Million Bottle Temple in Thailand

Hidden places

This series covers places where not many tourists show up. Discover the gems, that lie off the beaten tourist track!
Only attractions where, during my entire visit, I haven’t come across more than five other international tourists make it into this category. I don’t count local tourists.

The Million Bottle Temple (Wat Lan Khuat) near Sisaket

This temple – officially named Wat Pa Maha Chedi Gaeuw – that I so desperately wanted to see, ever since I had heard of its existence, was the reason I decided to rent a car. The temple is located about 50 kilometres south of Sisaket in the small settlement of Khun Han. Once I arrived there, I had to stop and ask for directions.

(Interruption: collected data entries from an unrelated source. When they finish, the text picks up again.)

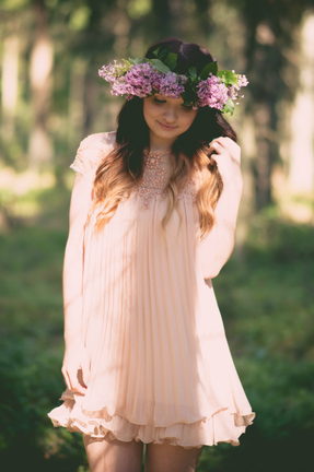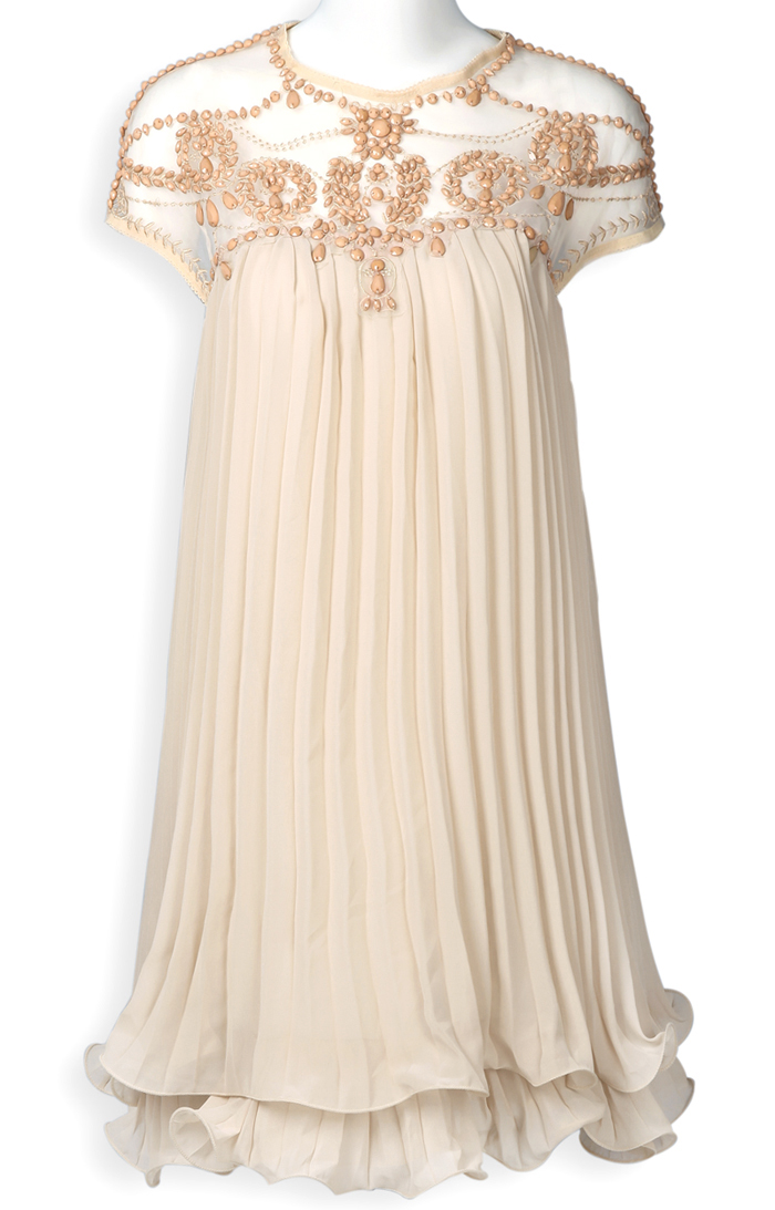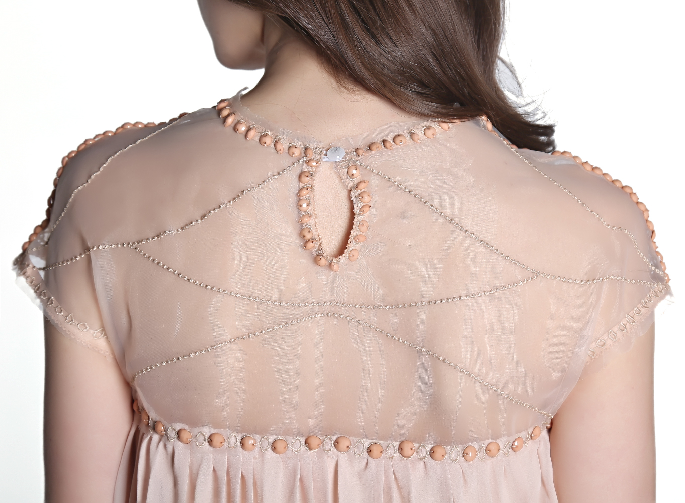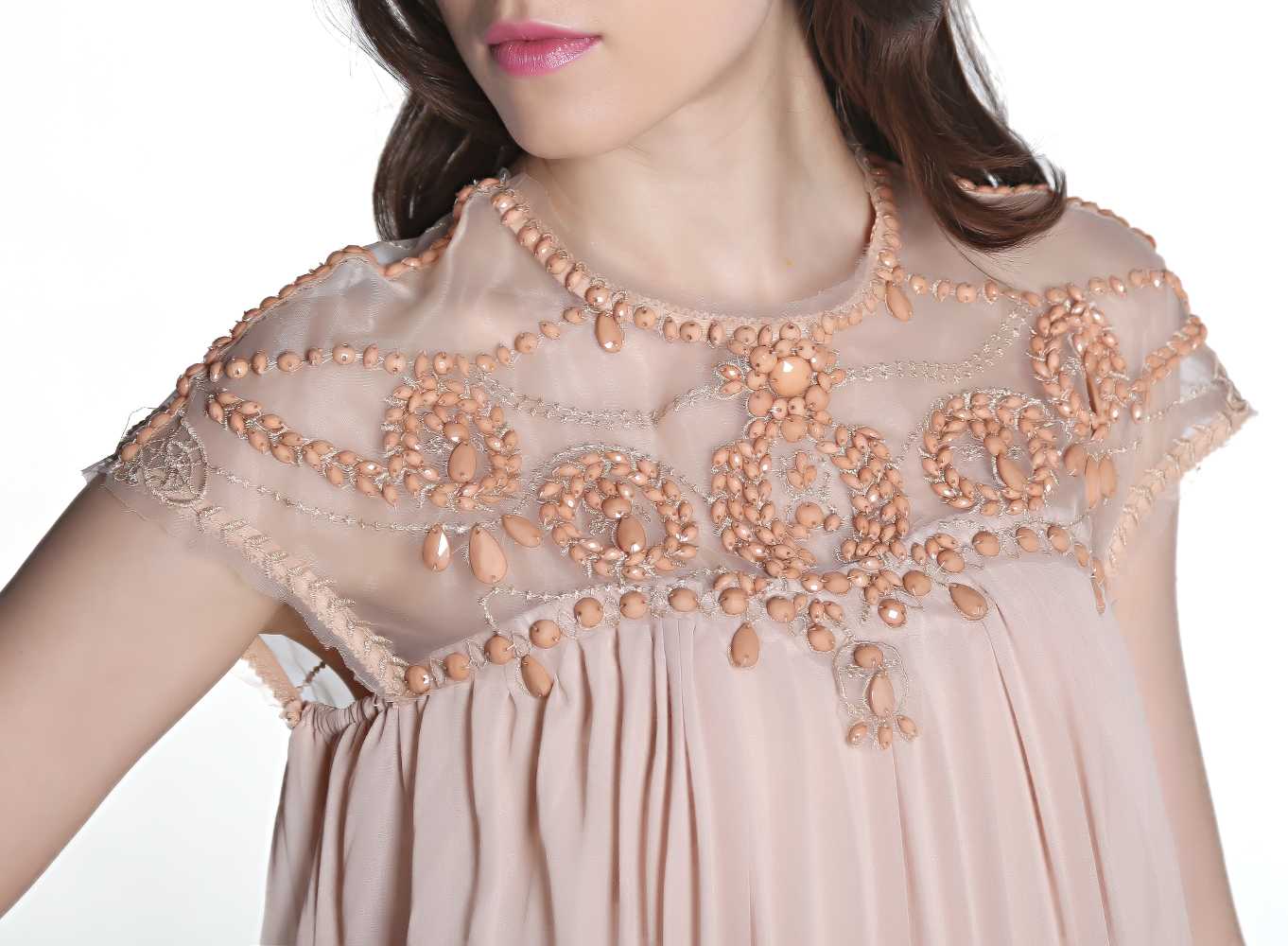 Շիֆոնե, կարճ, վզային հատվածում ցանցային կտորի վրա հուլունքազարդ նախշերով, ամենօրյա շրջազգեստ: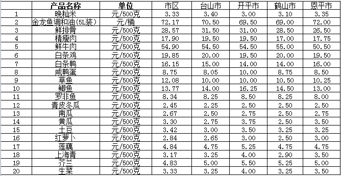 說(shuō)明:1、表中價(jià)格為該地區(qū)監(jiān)測(cè)點(diǎn)綜合平均價(jià);2、“市區(qū)”含蓬江區(qū)、江海區(qū)、新會(huì)區(qū),價(jià)格分別采自蓬江市場(chǎng)、江南市場(chǎng)、城東市場(chǎng)等13家農(nóng)貿(mào)市場(chǎng);3、其他四個(gè)縣市價(jià)格分別采自新華市場(chǎng)、錦江市場(chǎng)等8家農(nóng)貿(mào)市場(chǎng)。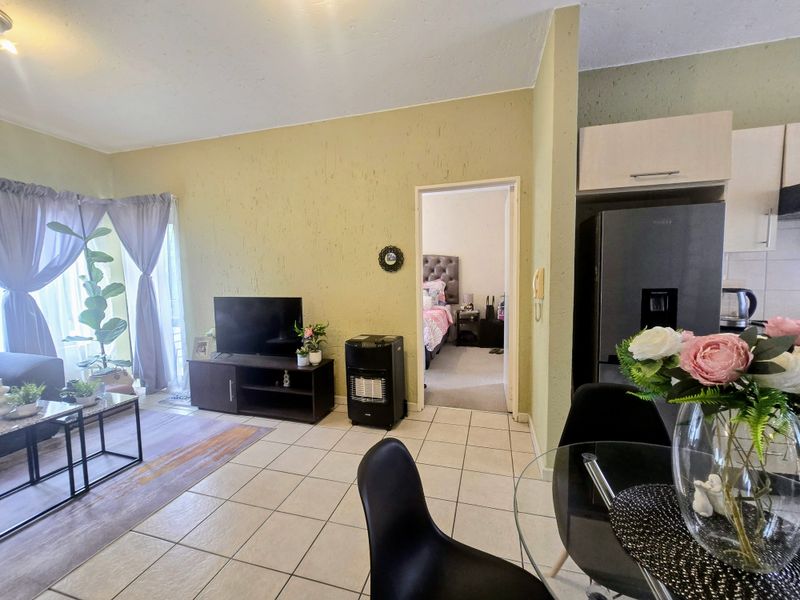 Enjoy low-maintenance Randburg living in Ferndale with sunlit open-plan flow from a modern kitchen to a generous lounge and balcony; secure carport parking, two bedrooms, one bath.

Knowing the right words in Thai would be helpful in such situations, but one can get by without it quite easily. The locals are very helpful, often calling in the help of someone who speaks decent English and who is always happy to help a lost stranger. Sometimes that means waiting around for a while, and the promised translator cannot always be relied upon to actually show up. In that event, good old sign language should do the trick.

The temple itself does not require much explanation on my part. The pictures really speak for themselves. All temple buildings are partially or completely constructed out of glass bottles. Still, the temple is a place of worship and quietude, and calls for the same seriousness and composure as all other temples in Thailand.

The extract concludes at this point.